→ Assigned task:
Pictures must not appear in the copy. Restate exactly the lines below from the one with "它负责处理和拦截inbound和outbound的事件和操作, 相当于一个贯穿Netty 的链." through the one with "Together with the", inclusive.

→ Available data:
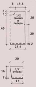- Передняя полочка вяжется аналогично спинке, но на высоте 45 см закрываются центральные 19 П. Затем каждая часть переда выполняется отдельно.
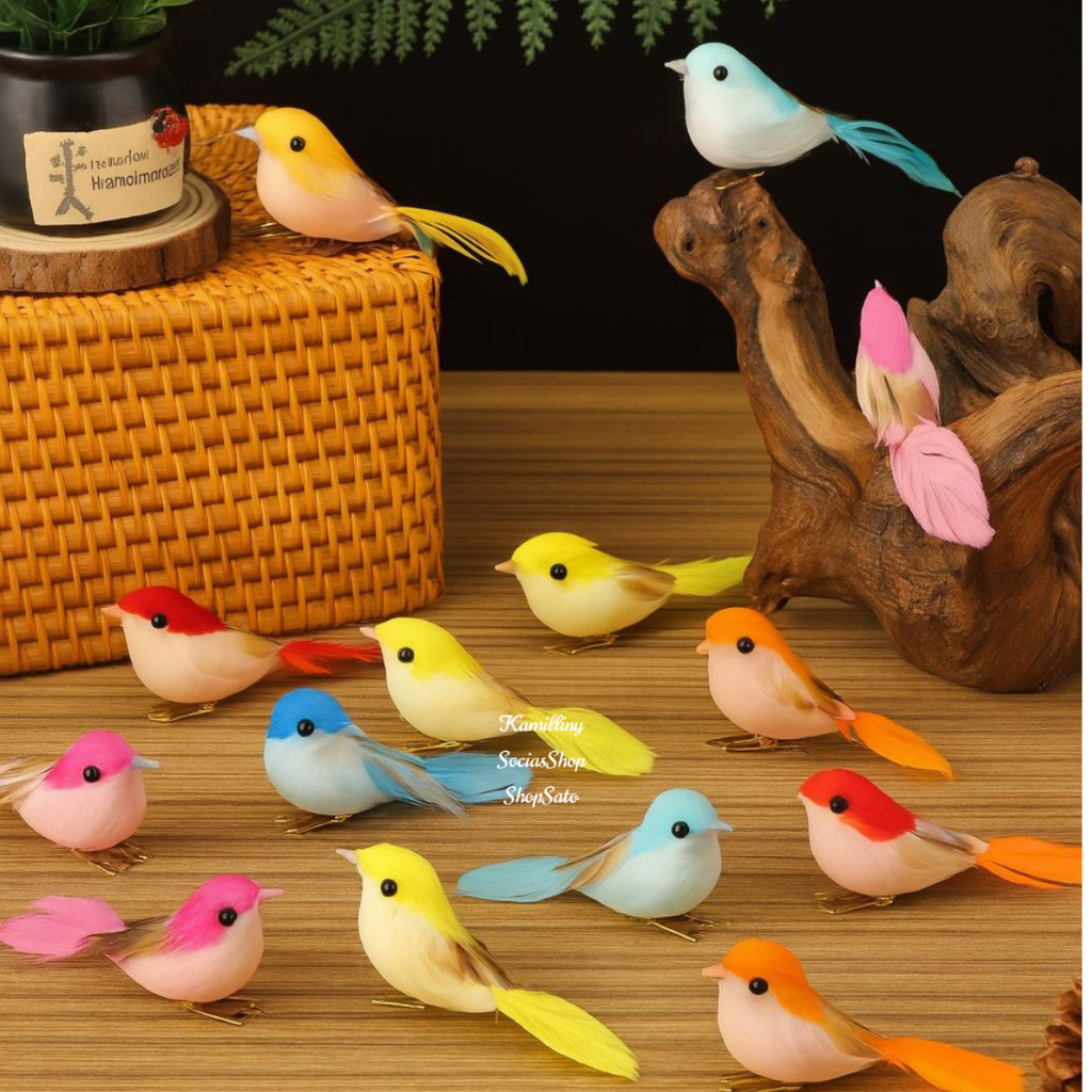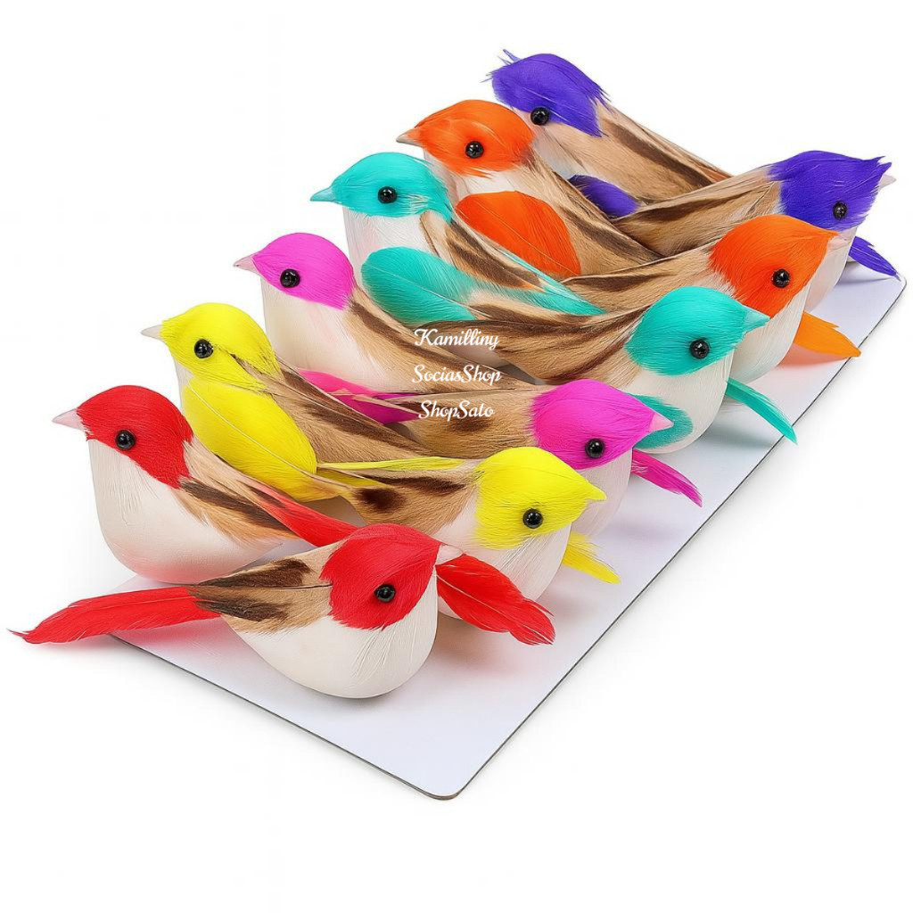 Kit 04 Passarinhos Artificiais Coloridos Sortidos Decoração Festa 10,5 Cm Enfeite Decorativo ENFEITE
--
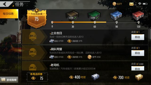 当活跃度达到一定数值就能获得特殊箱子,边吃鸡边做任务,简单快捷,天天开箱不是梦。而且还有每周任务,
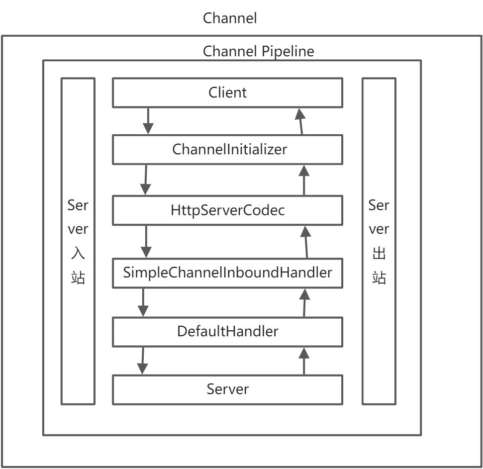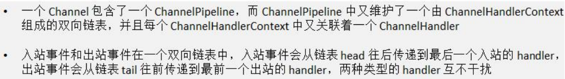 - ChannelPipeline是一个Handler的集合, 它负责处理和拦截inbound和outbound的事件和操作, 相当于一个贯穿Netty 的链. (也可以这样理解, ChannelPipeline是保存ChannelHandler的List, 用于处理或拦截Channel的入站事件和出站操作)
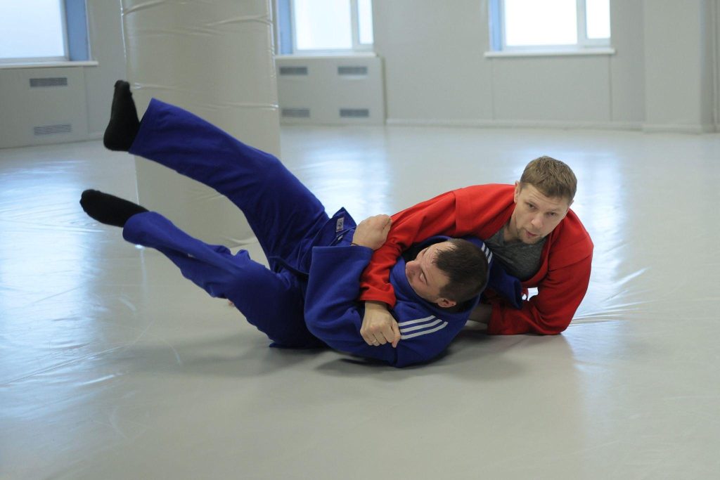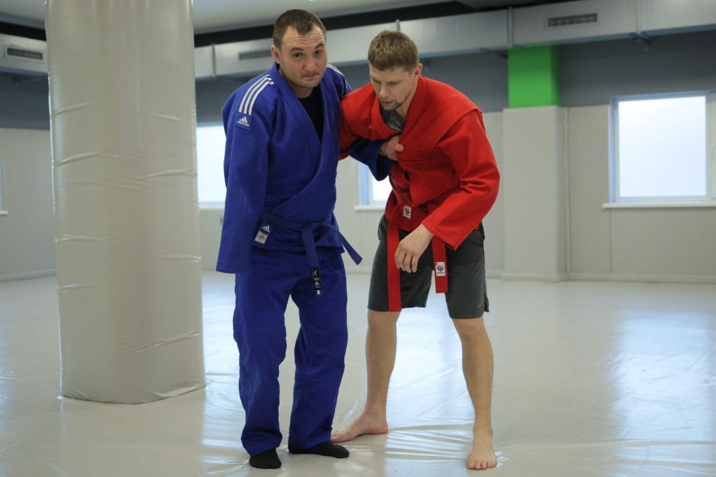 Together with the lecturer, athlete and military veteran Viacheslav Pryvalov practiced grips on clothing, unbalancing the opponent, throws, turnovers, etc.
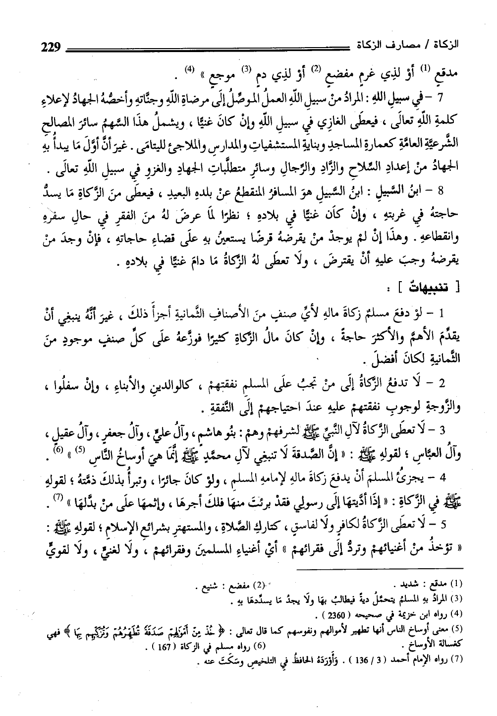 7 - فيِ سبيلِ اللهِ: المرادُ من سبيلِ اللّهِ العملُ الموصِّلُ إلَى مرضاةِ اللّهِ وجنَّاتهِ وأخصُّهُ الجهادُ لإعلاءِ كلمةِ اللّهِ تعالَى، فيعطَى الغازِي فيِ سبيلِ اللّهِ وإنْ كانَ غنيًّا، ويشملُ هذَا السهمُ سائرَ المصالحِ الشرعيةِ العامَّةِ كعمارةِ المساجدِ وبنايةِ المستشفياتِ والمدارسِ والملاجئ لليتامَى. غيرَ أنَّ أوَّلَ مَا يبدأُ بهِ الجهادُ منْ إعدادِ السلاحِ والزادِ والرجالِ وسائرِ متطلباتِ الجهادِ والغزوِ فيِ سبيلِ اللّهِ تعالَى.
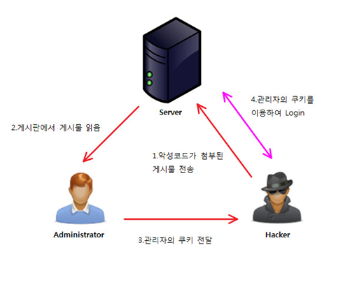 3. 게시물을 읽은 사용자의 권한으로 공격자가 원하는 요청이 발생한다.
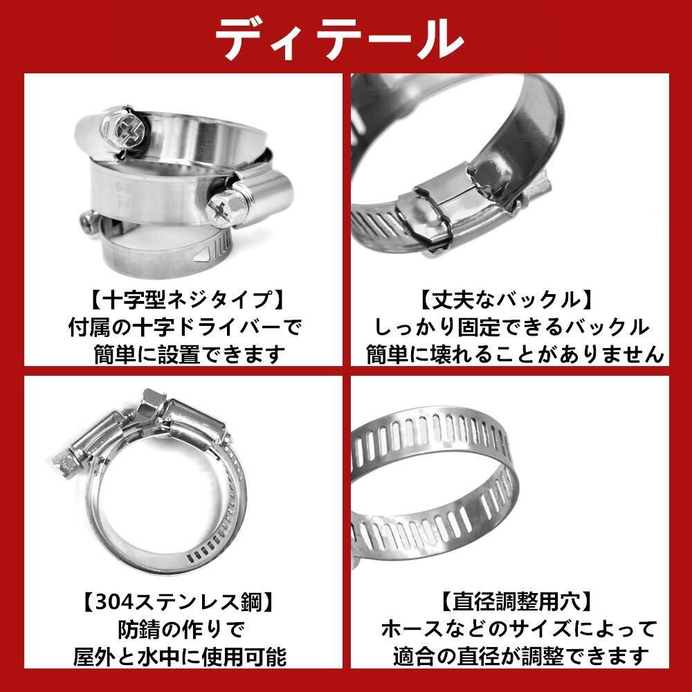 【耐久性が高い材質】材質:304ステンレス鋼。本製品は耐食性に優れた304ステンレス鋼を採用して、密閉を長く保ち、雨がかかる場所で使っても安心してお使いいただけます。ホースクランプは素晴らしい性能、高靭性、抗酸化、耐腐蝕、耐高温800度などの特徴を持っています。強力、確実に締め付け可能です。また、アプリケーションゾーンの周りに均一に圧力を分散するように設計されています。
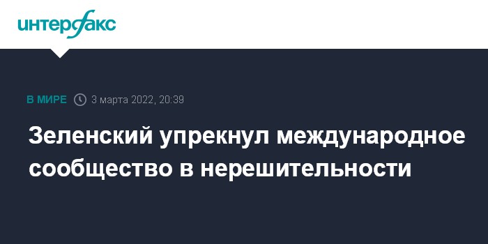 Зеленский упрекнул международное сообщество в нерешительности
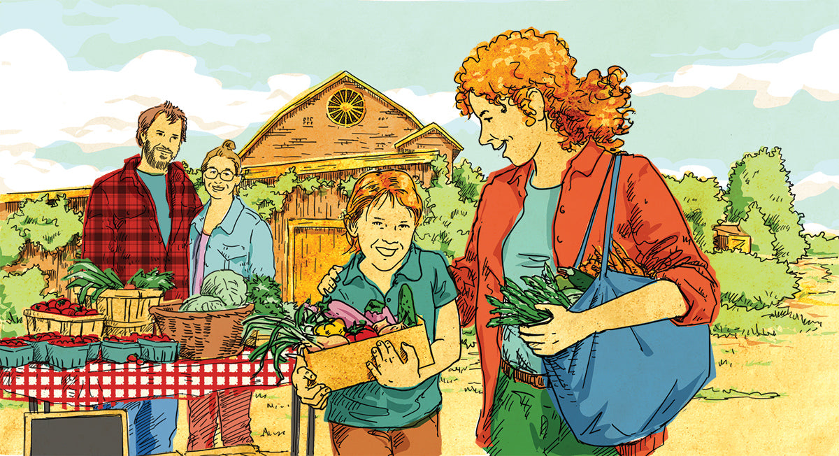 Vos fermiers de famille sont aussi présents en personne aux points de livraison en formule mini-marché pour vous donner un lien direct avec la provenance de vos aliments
--
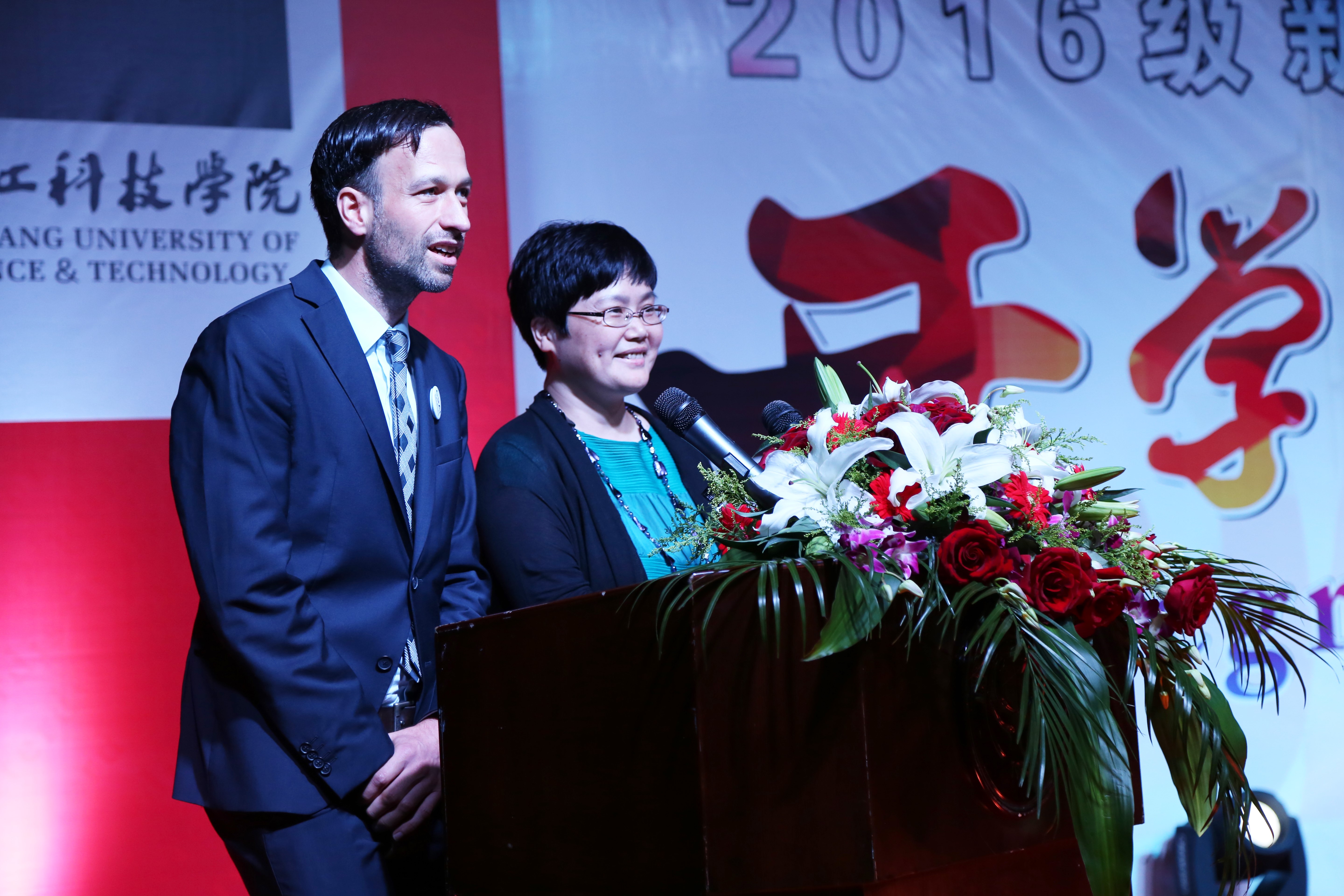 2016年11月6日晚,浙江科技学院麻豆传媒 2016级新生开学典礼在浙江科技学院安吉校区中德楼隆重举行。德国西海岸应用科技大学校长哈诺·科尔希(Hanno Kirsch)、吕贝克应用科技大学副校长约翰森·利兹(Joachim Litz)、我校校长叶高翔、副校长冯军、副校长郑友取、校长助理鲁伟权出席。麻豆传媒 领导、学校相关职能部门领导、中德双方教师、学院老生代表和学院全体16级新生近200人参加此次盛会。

→ Written response:
 - ChannelPipeline是一个Handler的集合, 它负责处理和拦截inbound和outbound的事件和操作, 相当于一个贯穿Netty 的链. (也可以这样理解, ChannelPipeline是保存ChannelHandler的List, 用于处理或拦截Channel的入站事件和出站操作)
 Together with the lecturer, athlete and military veteran Viacheslav Pryvalov practiced grips on clothing, unbalancing the opponent, throws, turnovers, etc.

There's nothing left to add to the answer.